Exercise →
Please repeat the entries word for word and keep the images out.

Given data →
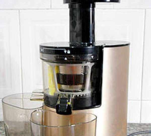 第6步、安裝好原汁機後,把冷凍好的奇異果拿出來室溫放置五分鐘,然後放入投料口。
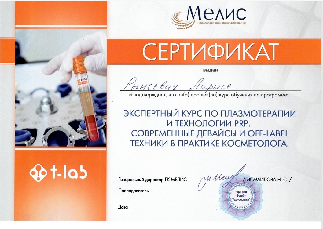 2025 г. - Прошла обучение по программе "Экспертный курс по плазмотерапии и технологии PRP. Современные девайсы и OFF-LABEL техники в практике косметолога" (на базе центра профессиональной косметологии МЕЛИС, 2025 г.).
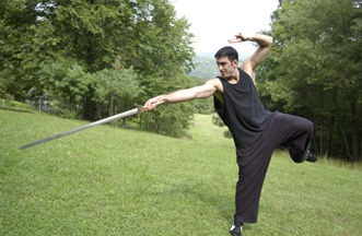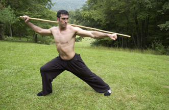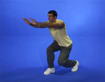 For basic gongfu training, many exercises are taught to relax and stretch the entire body. There is a special emphasis in this beginning stage on relaxing and stretching the shoulders, arms, back, legs, and waist. Extremely pliable shoulders and arms with a flexible waist are trademarks of an accomplished Tongbei practitioner. So as the result, Tongbei practitioners should have more relaxed shoulders, longer arms, and a more flexible waist. This method can let qi move freely and reach everywhere easily, and so internal power can be more powerful and flexible. Second, there are additional methods taught for increasing the generation of internal force for the arms, legs, waist, back, and for developing one's root or stability. Tongbei moves are very quick with flexible footwork but stability is a very important factor emphasized in training. Some skills that generate and release large amounts of force require tremendous stability. It is said "when you are still, you should stand as a giant mountain. Nobody can move you." Third, there are further exercises geared toward balancing one's internal components (shen, yi, qi). This method of training is especially emphasized in Shi style. This training is very arduous and tedious requiring consistent and dedicated practice. Most masters assign this to students for their first several years of training because they believe these are the foundation skills for all advanced studies. In addition, it gives the master a chance to observe a student's character and personality. If one fails to practice these skills diligently and persistently, he would not be taught any longer.
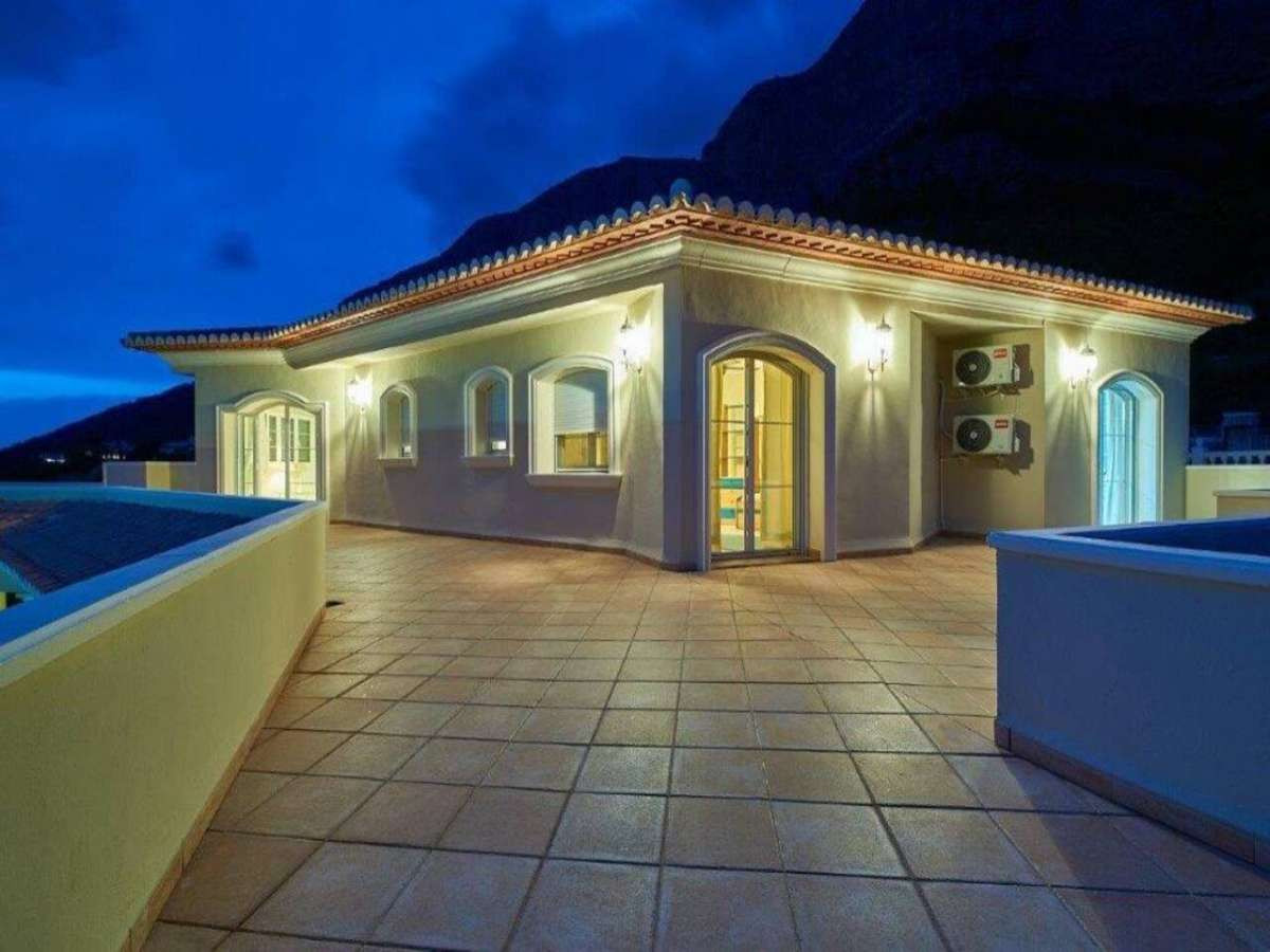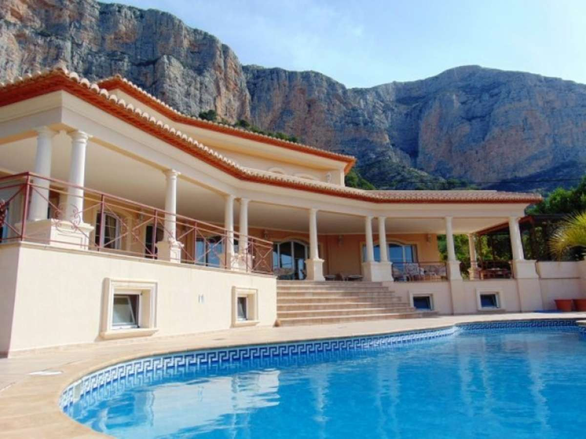 Impressive designed property on the upper slopes of the Montgo with fantastic South facing views.Located 15 minutes from the Old Town of Javea, 10 minutes from La Sella Golf and 15 minutes from the town of Denia.Automatic gates down a gently sloping driveway with plenty of parking, double garage and space for boats or caravans.Porch leading through to an impressive hallway with fabulous wrought iron staircase, leading to upper bedrooms.On the main level at the entrance is a large office/Study/Library, Guest WC, 42m2 Lounge with Feature fireplace and doors leading out onto a wide Naya area overlooking the Swimming Pool, ideal for watching the sunsets.Adjacent is a second lounge ideal TV room or games room. Large Dining room suitable for seating 12 people again with doors leading out onto the terrace.Stylish Kitchen with dining area, featuring central reservation with halogen hob, double oven and Microwave, and separate utility with drying area.Spacious guest bedroom with dressing area and en-suite bathroom with double vanity units.On the upper level are three equally spacious bedrooms all with en-suite bathrooms and with access to a large terrace to enjoy the morning sunrise. The main bedroom has air conditioning and a jacuzzi bath.The 12×6 freeform pool with jacuzzi, pretty terraces and established trees the area and below is a tennis court.On the lower level of the villa accessed internally is a variety of rooms ideal as a gymnasium, apartment, kitchen with plumbing ready. All prepared and ready to go.~
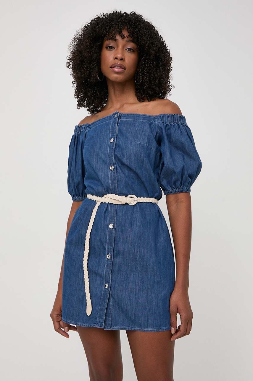 Tommy Jeans rochie culoarea verde, mini, mulată DW0DW17406
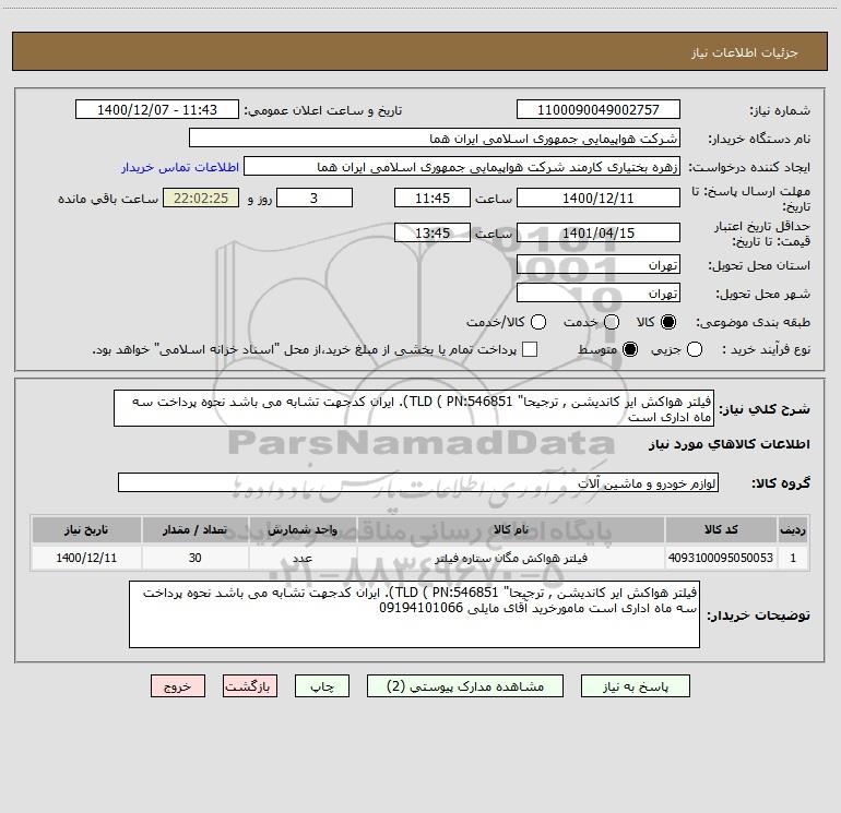 شرح کلی نیاز: فیلتر هواکش ایر کاندیشن , ترجیحا" TLD ( PN:546851). ایران کدجهت تشابه می باشد نحوه پرداخت سه ماه اداری است
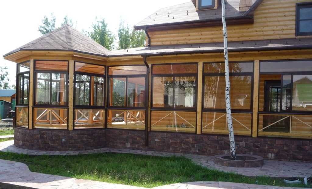 Раздвижное остекление веранды и террасы позволяет установить большие окна различной формы.
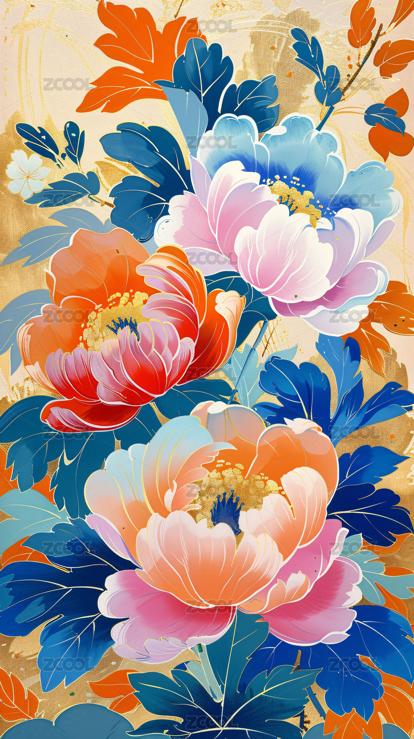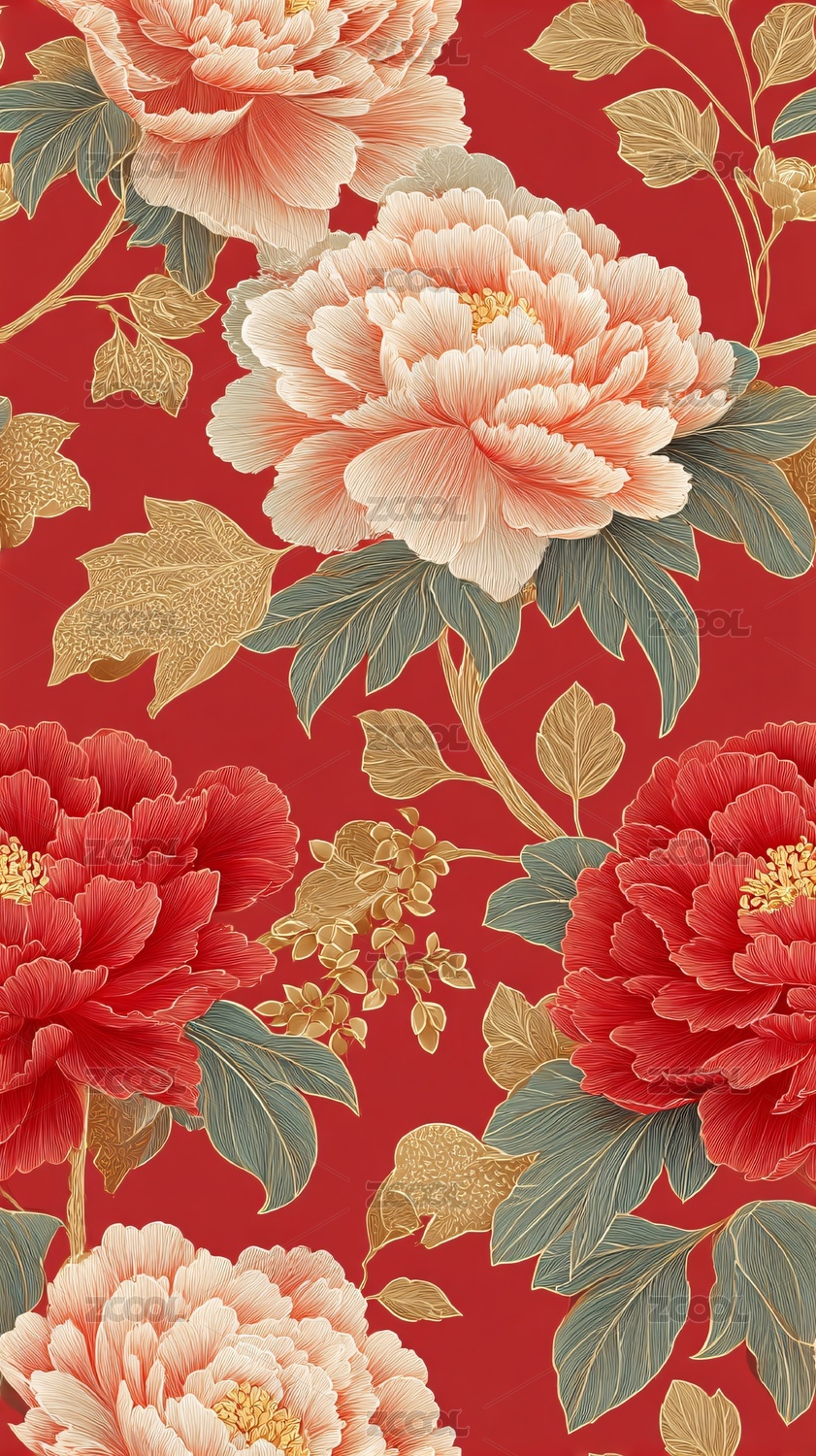 国潮牡丹花,中国风工笔画牡丹花卉插画

Task response →
 第6步、安裝好原汁機後,把冷凍好的奇異果拿出來室溫放置五分鐘,然後放入投料口。
 2025 г. - Прошла обучение по программе "Экспертный курс по плазмотерапии и технологии PRP. Современные девайсы и OFF-LABEL техники в практике косметолога" (на базе центра профессиональной косметологии МЕЛИС, 2025 г.).
 For basic gongfu training, many exercises are taught to relax and stretch the entire body. There is a special emphasis in this beginning stage on relaxing and stretching the shoulders, arms, back, legs, and waist. Extremely pliable shoulders and arms with a flexible waist are trademarks of an accomplished Tongbei practitioner. So as the result, Tongbei practitioners should have more relaxed shoulders, longer arms, and a more flexible waist. This method can let qi move freely and reach everywhere easily, and so internal power can be more powerful and flexible. Second, there are additional methods taught for increasing the generation of internal force for the arms, legs, waist, back, and for developing one's root or stability. Tongbei moves are very quick with flexible footwork but stability is a very important factor emphasized in training. Some skills that generate and release large amounts of force require tremendous stability. It is said "when you are still, you should stand as a giant mountain. Nobody can move you." Third, there are further exercises geared toward balancing one's internal components (shen, yi, qi). This method of training is especially emphasized in Shi style. This training is very arduous and tedious requiring consistent and dedicated practice. Most masters assign this to students for their first several years of training because they believe these are the foundation skills for all advanced studies. In addition, it gives the master a chance to observe a student's character and personality. If one fails to practice these skills diligently and persistently, he would not be taught any longer.
 Impressive designed property on the upper slopes of the Montgo with fantastic South facing views.Located 15 minutes from the Old Town of Javea, 10 minutes from La Sella Golf and 15 minutes from the town of Denia.Automatic gates down a gently sloping driveway with plenty of parking, double garage and space for boats or caravans.Porch leading through to an impressive hallway with fabulous wrought iron staircase, leading to upper bedrooms.On the main level at the entrance is a large office/Study/Library, Guest WC, 42m2 Lounge with Feature fireplace and doors leading out onto a wide Naya area overlooking the Swimming Pool, ideal for watching the sunsets.Adjacent is a second lounge ideal TV room or games room. Large Dining room suitable for seating 12 people again with doors leading out onto the terrace.Stylish Kitchen with dining area, featuring central reservation with halogen hob, double oven and Microwave, and separate utility with drying area.Spacious guest bedroom with dressing area and en-suite bathroom with double vanity units.On the upper level are three equally spacious bedrooms all with en-suite bathrooms and with access to a large terrace to enjoy the morning sunrise. The main bedroom has air conditioning and a jacuzzi bath.The 12×6 freeform pool with jacuzzi, pretty terraces and established trees the area and below is a tennis court.On the lower level of the villa accessed internally is a variety of rooms ideal as a gymnasium, apartment, kitchen with plumbing ready. All prepared and ready to go.~
 Tommy Jeans rochie culoarea verde, mini, mulată DW0DW17406
 شرح کلی نیاز: فیلتر هواکش ایر کاندیشن , ترجیحا" TLD ( PN:546851). ایران کدجهت تشابه می باشد نحوه پرداخت سه ماه اداری است
 Раздвижное остекление веранды и террасы позволяет установить большие окна различной формы.
 国潮牡丹花,中国风工笔画牡丹花卉插画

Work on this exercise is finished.